APA yang sedang terjadi di Kemuning dua bulan terakhir ini, akhirnya menggerakkan hati untuk menuliskan kemudian membagikannya dalam tulisan ini. Duduklah dengan tenang. Siapkan segelas teh hangat, dan jangan lupa sulut kretek yang masih tersisa.
Perlu dituliskan untuk diketahui sebagai informasi bahwa telah terjadi perusakan lingkungan dengan dalih alih-fungsi lahan. Kebun teh yang menjadi salah satu ikon kabupaten dan tempat di mana warga sekitar memberdayakan sektor perekonomian, diupayakan oleh beberapa “pihak-terkait” dengan mengalihfungsikan lahan untuk lebih produktif.
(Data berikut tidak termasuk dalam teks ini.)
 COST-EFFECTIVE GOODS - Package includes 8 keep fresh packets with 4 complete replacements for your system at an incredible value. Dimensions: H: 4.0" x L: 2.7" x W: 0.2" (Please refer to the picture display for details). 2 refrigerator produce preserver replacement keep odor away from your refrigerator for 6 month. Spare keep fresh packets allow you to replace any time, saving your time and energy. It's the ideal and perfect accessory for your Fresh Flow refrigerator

Namun, ironisnya, baru di tahap awal, langkah yang ditempuh justru kontra produktif dengan tujuannya. Terlebih, iklim cuaca yang tengah berlangsung seakan memberi gambaran bagaimana dampak yang kelak terjadi.
Atas kejadian demikian, akhirnya menimbulkan ketegangan antar lapisan. Beberapa warga tak lagi saling menyapa, saling curiga, bahkan kabarnya harus berpindah tempat kerja.
Tepat di Januari akhir, satu agenda digelar. Sengaja dipersiapkan selain untuk merayakan perkawanan, tersemat niat membangun obrolan dan membangunkan sebuah “peringatan”. Kesadaran akan kewaskitaan terhadap kelestarian sekitar. Spanduk-spanduk bermunculan di tepi jalan. Kasak kusuk hinggap di percakapan. JagaLawu menanti kesempatan, kapan warga sekitar sepakat bergandeng tangan dan angkat bicara atasnama: Penolakan Perusakan Lingkungan.
Beberapa pendekatan diupayakan, namun sayangnya diabaikan. Selang beberapa pekan, beredar poster di sosial media yang masif dikabarkan dengan bertuliskan, “Kehadiran rekan-rekan sekalian menjadi sebuah bentuk keterlibatan, dalam upaya menggalang kekuatan sekaligus wujud dukungan dan keberpihakan, bahwa kelestarian harus tetap dipertahankan.”
Menjelang Ramadan forum rakyat dilaksanakan. Orang-orang dari luar Kemuning satu per satu berdatangan. Beberapa warga Kemuning lantang berpendapat di depan halaman Kantor Kecamatan.
Dalam menyikapi setiap sikap masyarakat, pihak yang terlibat maupun terkait baiknya lebih tertuju sekaligus terfokus pada: mengapa mereka bersikap seperti ini. Terlebih, sikap masyarakat yang kontra terhadap upaya perusakan lingkungan, rasanya tak perlu ada banyak alasan yang harus diungkapkan.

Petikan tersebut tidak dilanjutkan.